6. If a Standalone (i.e., algorithm only without human-in-the-loop performance) Was Done

Yes, the primary study described is a standalone performance evaluation of the dbc EiAsy™ Testosterone EiA kit. Its performance (sensitivity, specificity, precision, recovery, linearity, and correlation) is assessed independently and then compared to the predicate device to establish substantial equivalence. Human involvement is limited to performing the assay according to the protocol, not in interpreting the results beyond reading the optical density.
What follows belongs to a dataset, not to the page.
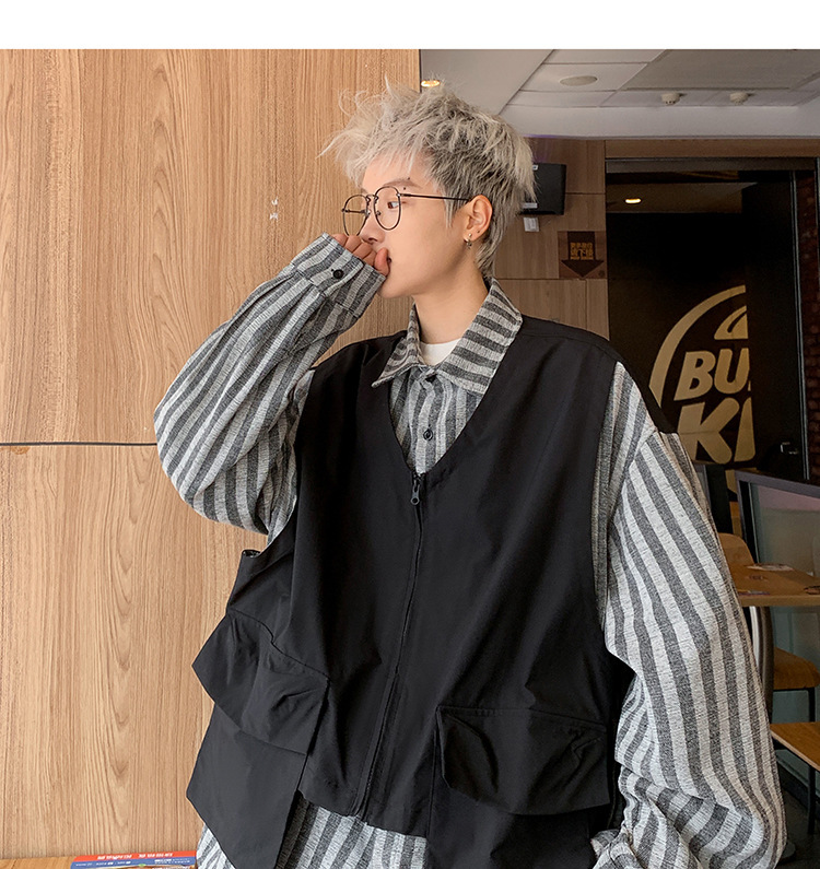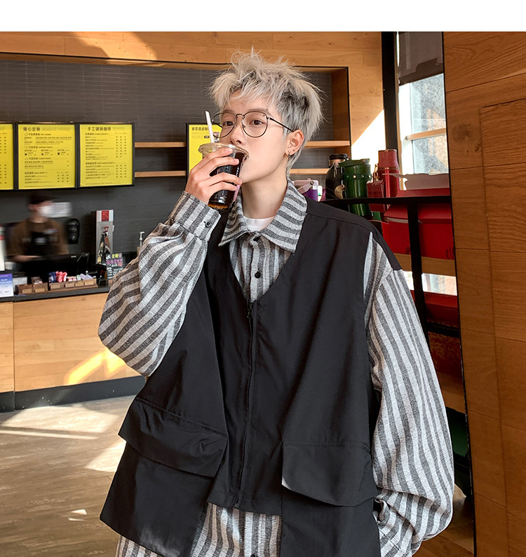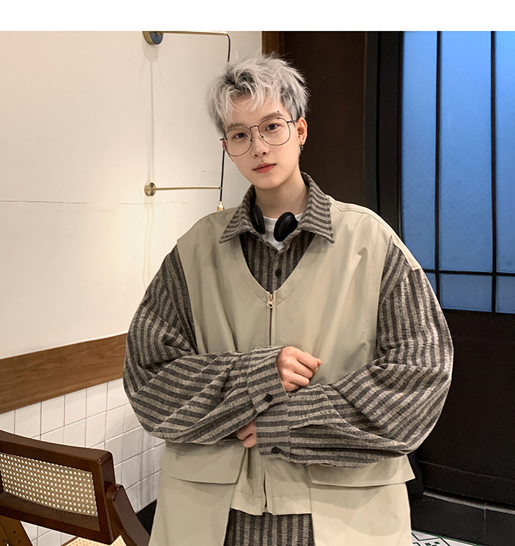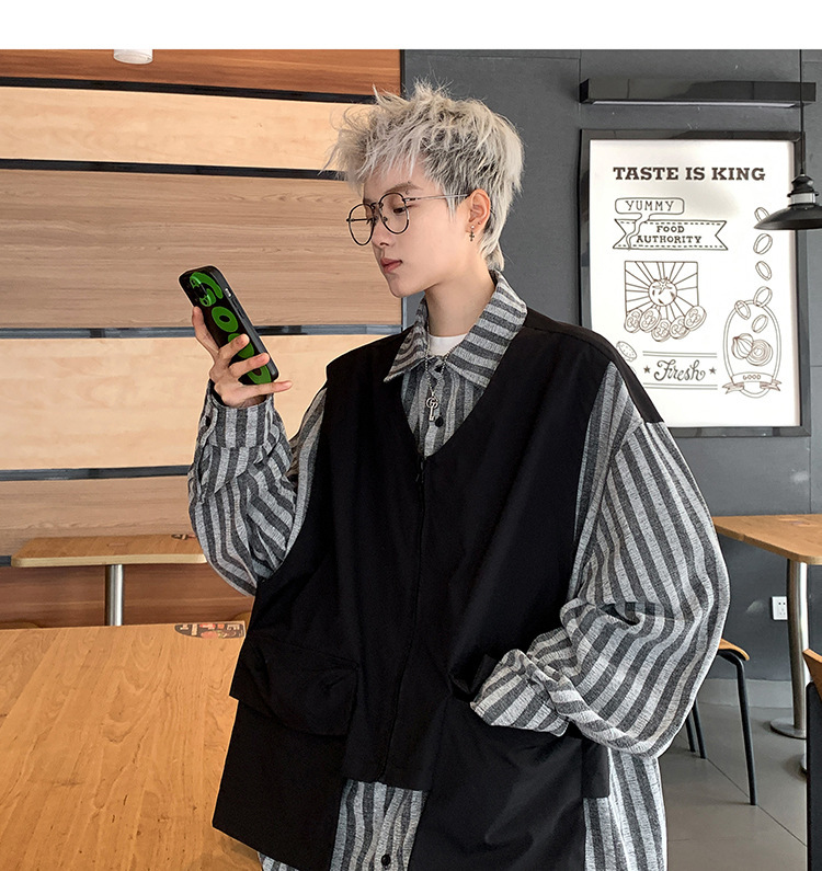 가짜 투피스 긴팔 셔츠 남자 2024 년 새 봄과 가을 레트로 스트라이프 오버 사이즈 탑스토어 가기

7. The Type of Ground Truth Used

The "ground truth" used for comparison in this substantial equivalence determination is the measurements obtained from the predicate device, the DSL 10-4000 Active™ Testosterone Enzymeimmunoassay (EiA) kit. The assumption is that the predicate device provides accurate testosterone measurements.

8. The Sample Size for the Training Set

The document does not specify a separate "training set" size. For an immunoassay, the concept of a "training set" as understood in machine learning (where an algorithm learns from labeled data) is not directly applicable in the same way. The development of the assay (e.g., antibody selection, reagent formulation, optimization of incubation times) involves extensive laboratory work and validation but typically doesn't refer to a distinct "training set" in the context of an FDA submission.

9. How the Ground Truth for the Training Set Was Established

Not applicable in the machine learning sense. The "ground truth" for the development and optimization of the immunoassay itself would be based on established analytical chemistry principles, known concentrations of testosterone standards, and comparisons against reference methods during internal development. This is not detailed in the provided 510(k) summary.